The lower central series of mathcalX is the sequence (see [Nor87], p.77):

\mathcal{X} ~=~ \Gamma_1(\mathcal{X}) ~\unrhd~ \Gamma_2(\mathcal{X}) ~\unrhd~ \cdots \qquad \mbox{where} \qquad \Gamma_j(\mathcal{X}) ~=~ [ \Gamma_{j-1}(\mathcal{X}), \mathcal{X}].

If mathcalX is nilpotent, then its lower central series is its most rapidly descending central series.

The least integer c such that Γ_c+1(mathcalX) is the trivial crossed module is the nilpotency class of mathcalX.


gap> lcs := LowerCentralSeries( X24 );;      
gap> List( lcs, g -> IdGroup(g) );
[ [ [ 24, 6 ], [ 48, 38 ] ], [ [ 12, 2 ], [ 6, 2 ] ], [ [ 6, 2 ], [ 3, 1 ] ], 
  [ [ 3, 1 ], [ 3, 1 ] ] ]
gap> IsNilpotent2DimensionalGroup( X24 );      
false
gap> NilpotencyClassOf2DimensionalGroup( X24 );
0

4.1-11 AllXMods
‣ AllXMods( args )( function )

The global function AllXMods may be called in three ways: as AllXMods(S,R) to compute all crossed modules with chosen source and range groups; as AllXMods([n,m]) to compute all crossed modules with a given size; or as AllXMods(ord) to compute all crossed modules whose associated cat1-groups have a given size ord.

In the example we see that there are 4 crossed modules (C_6 -> S_3); forming a subset of the 17 crossed modules with size [6,6]; and that these form a subset of the 205 crossed modules whose cat1-group has size 36. There are 40 precrossed modules with size [6,6].


gap> xc6s3 := AllXMods( SmallGroup(6,2), SmallGroup(6,1) );;   
gap> Length( xc6s3 );           
4
gap> x66 := AllXMods( [6,6] );;   
gap> Length( x66 );
17
gap> x36 := AllXMods( 36 );; 
gap> Length( x36 ); 
205
gap> size36 := List( x36, x -> [ Size(Source(x)), Size(Range(x)) ] );;
gap> Collected( size36 );
[ [ [ 1, 36 ], 14 ], [ [ 2, 18 ], 7 ], [ [ 3, 12 ], 21 ], [ [ 4, 9 ], 14 ], 
  [ [ 6, 6 ], 17 ], [ [ 9, 4 ], 102 ], [ [ 12, 3 ], 8 ], [ [ 18, 2 ], 18 ], 
  [ [ 36, 1 ], 4 ] ]

4.1-12 IsomorphismXMods
‣ IsomorphismXMods( X1, X2 )( operation )
‣ AllXModsUpToIsomorphism( list )( operation )

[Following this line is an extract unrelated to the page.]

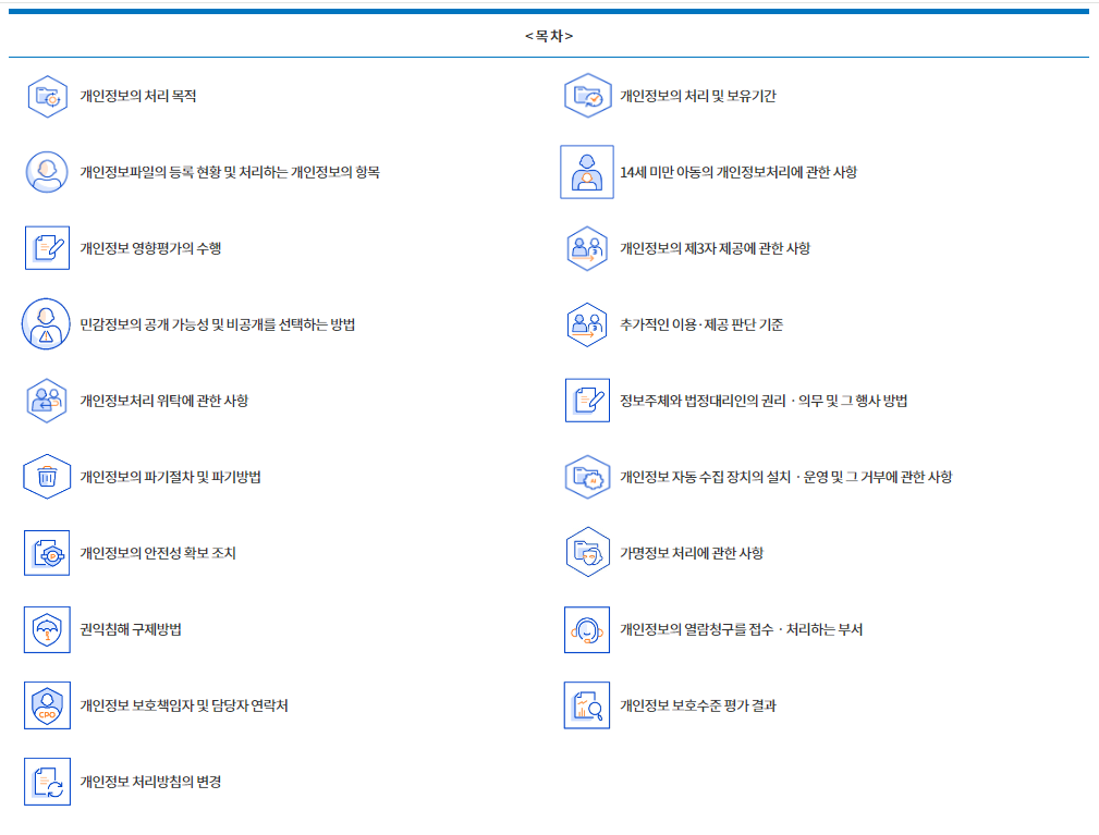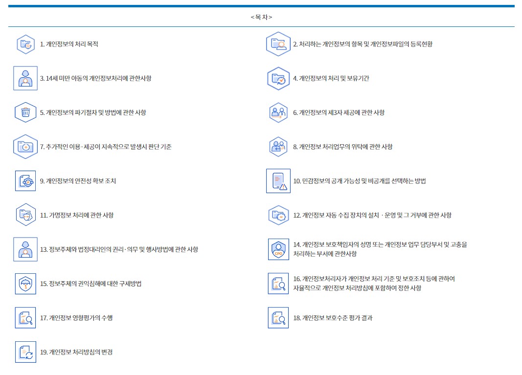 제16조. 개인정보처리자가 개인정보 처리 기준 및 보호조치 등에 관하여 자율적으로 개인정보 처리방침에 포함하여 정한 사항

The function IsomorphismXMods computes an isomorphism μ : mathcalX_1 -> mathcalX_2, provided one exists, or else returns fail. In the example below we see that the 17 crossed modules of size [6,6] in x66 (see the previous subsection) fall into 9 isomorphism classes.

The function AllXModsUpToIsomorphism takes a list of crossed modules and partitions them into isomorphism classes.


gap> IsomorphismXMods( x66[1], x66[2] );
[[Group( [ f1, f2 ] )->Group( [ f1, f2 ] )] => [Group( [ f1, f2 ] )->Group( 
[ f1, f2 ] )]]
gap> iso66 := AllXModsUpToIsomorphism( x66 );;  Length( iso66 ); 
9 

4.2 Isoclinism for groups

4.2-1 Isoclinism
‣ Isoclinism( G, H )( operation )
‣ AreIsoclinicDomains( G, H )( operation )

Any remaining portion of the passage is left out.